The attending physician in an emergency room treats an unconscious patient suspected of a drug overdose. The physician does not know the initial concentration $A_{0}$ of the drug in the bloodstream at the time of injection. However, the physician knows that after $3 \mathrm{hr}$, the drug concentration in the blood is $0.69 \mu \mathrm{g} / \mathrm{dL}$ and after $4 \mathrm{hr}$, the concentration is $0.655 \mu \mathrm{g} / \mathrm{dL}$. The model $A(t)=A_{0} e^{-k t}$ represents the drug concentration $A(t)$ (in $\mu \mathrm{g} / \mathrm{dL}$ ) in the bloodstream $t$ hours after injection. The value of $k$ is a constant related to the rate at which the drug is removed by the body.
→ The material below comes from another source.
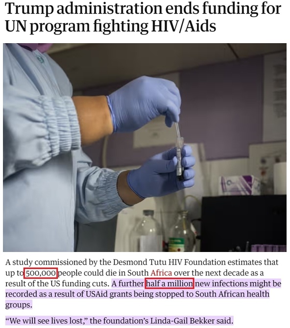 南非德斯蒙德·圖圖艾滋病中心主任琳達-蓋爾·貝克爾告訴記者,美國取消對當?shù)乜拱M織的資助將導(dǎo)致“超過50萬不必要的死亡以及多達50萬新增感染病例”,使有關(guān)方面“過去25年的所有努力付諸東流”。

a. Substitute 0.69 for $A(t)$ and 3 for $t$ in the model and write the resulting equation.
b. Substitute 0.655 for $A(t)$ and 4 for $t$ in the model and write the resulting equation.
c. Use the system of equations from parts (a) and (b) to solve for $k .$ Round to 3 decimal places.
d. Use the system of equations from parts (a) and (b) to approximate the initial concentration $A_{0}$ (in $\mu \mathrm{g} / \mathrm{dL}$ ) at the time of injection. Round to 2 decimal places.
e. Determine the concentration of the drug after $12 \mathrm{hr}$. Round to 2 decimal places.